En az 30 yıl önceydi. Güngör Mengi elindeki lupu bıraktı ve başını eğildiği ışıklı masadan kaldırıp, seçtiği fotoğraf karesini gösterdi ve sordu:
“Bu haberin başlığı ne olsun?”
Ertesi gün Yeni Asır’ın birinci sayfasında çıkacak haberin özeti şuydu:
Belediye zabıtası gıda üreten çeşitli yerlerde denetim yapmış ve bir pide fırınında lahmacun için hazırlanan kıyma harcının içinde “kedi eti” saptamıştı.
Farkındayım.
Mideniz kalktı.
Bizim de o zaman kalkmıştı.
Onun için haberin sertliğini, başlıkta biraz yumuşatmak istemiştim:
“Lahmacunlar miyavlıyor!”
Güngör abi “Başlık tamam” dedi.
Kalibrasyon ve Deney Laboratuvarları Derneği’nin, biri İzmir’deki 10 laboratuvarına, son 16 ayda toplam 297 bin 18 başvuru yapılmış.
110 bin 713’ü ithalat şirketlerinden gelen, 181 bin 925 de özel istek üzerine alınan örneklerin incelenmesi sonucunda; toplam 297 bin 18 gıda numunesinden 280 bin 769’u gıda kodeksine uygun çıkmış.
Bu durumda ne yapalım?
Çok isteyen “Neredeyse yüzde 95’i uygun” deyip, sevinebilir elbet.
Aman hanımlar, beyler; bu oran üniversite sınavında 100 sorudan 95’ini bilmek gibi bir şey değil!
Sonucun yüzde 100 olması gerekirdi.
İncelenen her ürün, tüm koşullara uygun olmalıydı yani.
Sucuğun kişnemesini, salamın anırmasını geçin; insanlarda hastalık yapan bakteriler çıkmış incelenen ürünlerde...
Bitmedi.
Kurşun, krom, kadmiyum gibi ağır metaller içerenler de var içlerinde...
Ve hatta kiminde “arsenik” bile!
Bir yandan Sağlık Bakanlığı, diğer yandan Tarım Bakanlığı bu işi tekrar masaya yatırmalı.
Denetimler mutlaka daha sıklaştırılmalı ve sonuçta yanlış yapanın canı öylesine yanmalı ki, yedi ceddi bunun acısını yaşamalı.
Şakası yok.
Zira söz konusu olan insan sağlığı.
Ben para verip, bir ürün alıyorsam “içinde ne var” diye düşünmemeliyim asla.
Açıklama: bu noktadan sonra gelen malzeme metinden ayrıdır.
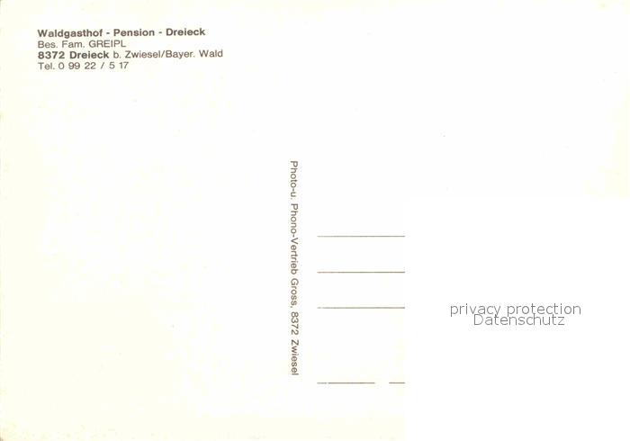 72701183 Dreieck Regen Waldgasthof Pension Dreieck postalisch nicht gelaufen Erhaltung siehe scans [KathaD79] KatCode: 11110009276138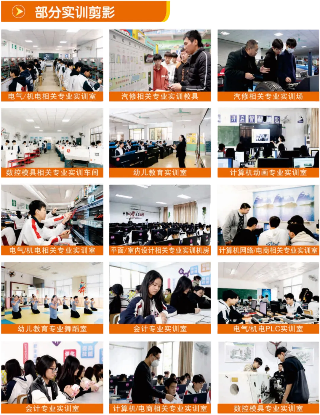 主要面向广汽集团的广本、广丰、东风日产、广汽传祺等汽车知名企业从事汽车装配、汽车检测与维修、以及汽车配件公司、售后服务机构等工作。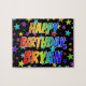 This fun, lively, birthday-themed jigsaw puzzle design has the message "HAPPY BIRTHDAY, BRYAN" with the characters having a colourful rainbow spectrum inspired gradient pattern, along with a vibrant star field background pattern. A colourful puzzle like this might be used to send a birthday greeting message to somebody named Bryan. [~Z0000468]
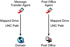 Figure 3-8 MTA with UNC Path or Mapped Drive to Domain and Post Office Directories; POA with UNC Path or Mapped Drive to the Post Office Directory

Neye ve kime güveneceğimiz meçhul oysa.
Pardon.
Güvenerek yediğimiz bir şey var aslında.
O da:
KAZIK.
Tek karelik Süpermen!
Tanka binmek...
Neymiş efendim; “Şehir içinde Audi, Mercedes ve BMV gibi lüks otomobillerle gezen Ukraynalı zenginlerin yeni modası tankla ava gitmekmiş.”
Artık yeni moda mıdır bu, yeni zenginlerin bir başka şaşkınlığı ve şımarıklığı mı; tartışılır.
Ama şu soruyu uzmanlar mutlaka yanıtlamalı:
1001 çeşit ve her biri diğerinden marifetli arazi araçları dururken, insan neden tanka binmek ister; tankın içine giren insan, kendini büsbütün erişilmez mi hisseder?
Ve sanmayın ki, mesele Ukrayna’dan ibaret.
Bir zamanlar bizde de tank meraklıları vardı.
Anlatanların yalancısıyım:
Şimdi yerle yeksan olan, gözden ırak çiftlik evlerinin garajlarında tank ve benzeri askeri araçlar sıralıymış.
Gelen konuklara o garajları gezdirmek ise işin en gösterişli yanıymış.
Şurası kesin.
İster asker, ister sivil; tank herkes için “tehlikeli” bir araç!